(Source: The Decatur Daily)

By M.J. Ellington, The Decatur Daily, Ala.
Sep. 21--MONTGOMERY -- Critics called Alabama's $253 million incentives package to attract Mercedes in 1993 the granddaddy of economic-development boondoggles.
Fifteen years later, economic marketing strategist Andy Levine with DCI in New York says locating Mercedes here may be the smartest investment any state ever made.
Alabama is now the heart of the new automotive hub in the Southeast.
Alabama Development Office Director Neal Wade said Mercedes "was a game changer" that forever altered the direction of business and employment in the state.
The game change was necessary because Alabama's economic mainstays, farming and textile manufacturing, could no longer provide the stable job sources state workers needed, he said.
"We don't ever want to get to the point again where we depend on one or two types of jobs," Wade said. "We must look for game changers, the mega projects that will bring in new types of jobs."

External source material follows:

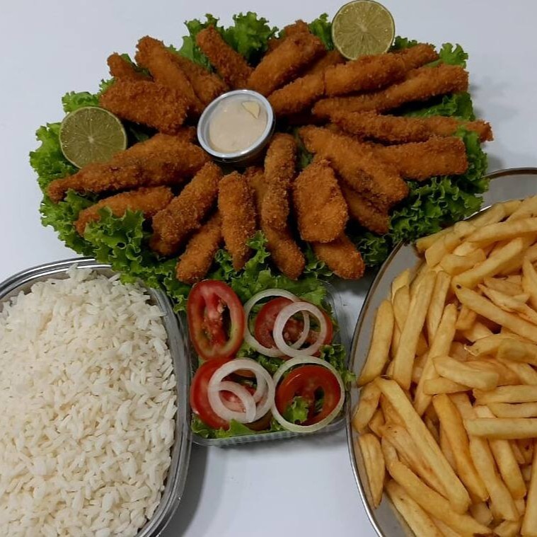 Acompanha arroz, batata frita, salada e molho da casa
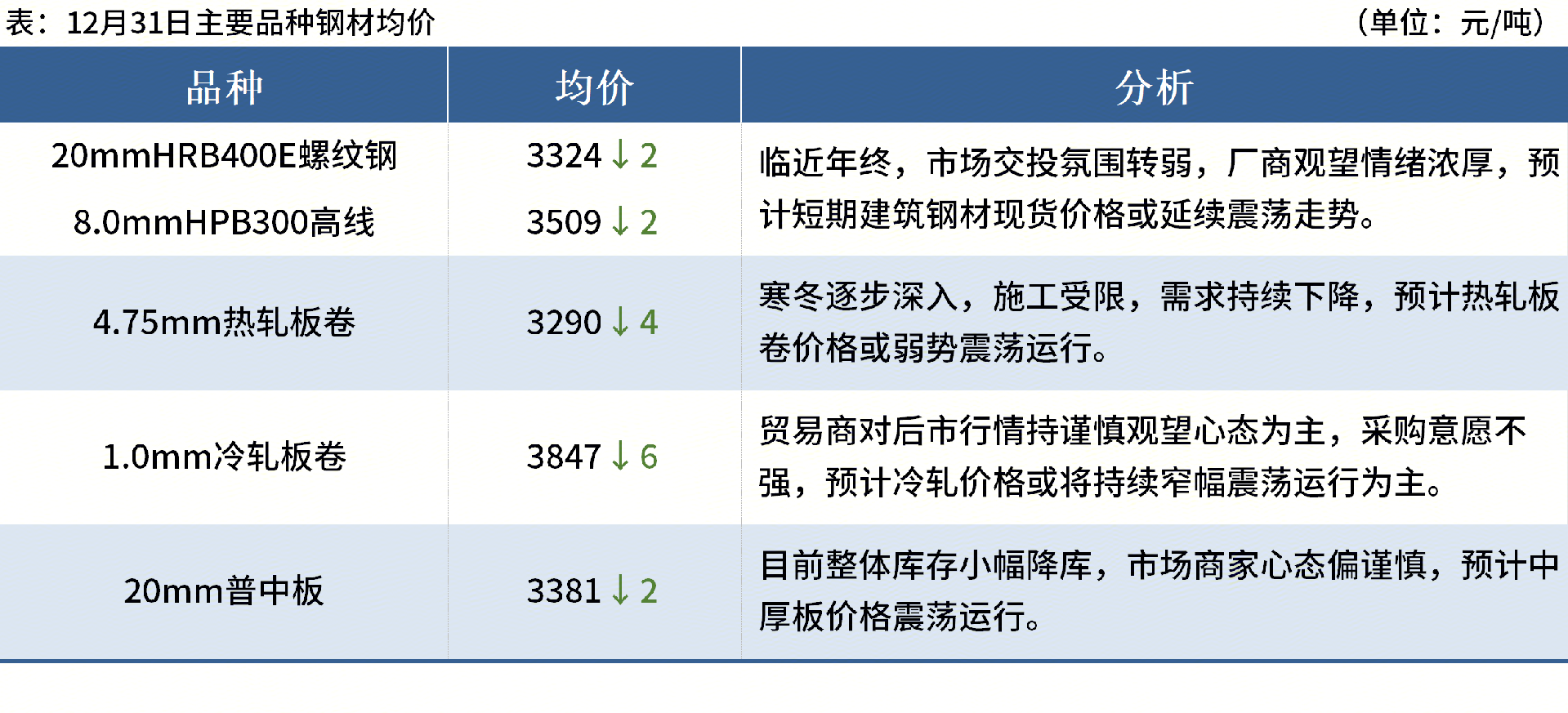 ◎1月3日江蘇永鋼出臺(tái)1月上旬出廠價(jià),螺紋鋼平穩(wěn)、線材盤(pán)螺上調(diào)50元/噸,現(xiàn)螺紋鋼3450元/噸,線材盤(pán)螺3700元/噸。

Does the search for game changers mean states must offer economic incentives, and is the result worth the investment?
"Absolutely," Wade said. "Right now, in the economic equivalent of a 100-year flood, it's even more critical to go after projects."
The competition is not just among other Southern states, and the search long ago became worldwide.
The automotive plants -- Mercedes in Vance, Toyota in Huntsville, Honda in Lincoln and Hyundai in Montgomery -- were the "low-hanging fruit" that brought thousands of other jobs with them, Wade said. Now the state looks to recruit corporate headquarters, and robotics, high-tech and entertainment companies with new incentives.
North Alabama
As for skeptics who still wonder if high-ticket economic incentives pay off in the long run, Wade said, payroll figures alone help explain his support of incentives. The automotive giants that rolled into Alabama beginning with Mercedes paid out $5.2 billion to workers in 2007.
Business experts who track the state's growth and current economic negotiating strategy agree.
"We may or may not like this, but it is a reality," said Kerry Gatlin, dean of the college of business at the University of North Alabama.
"We live in a competitive world, and we must compete.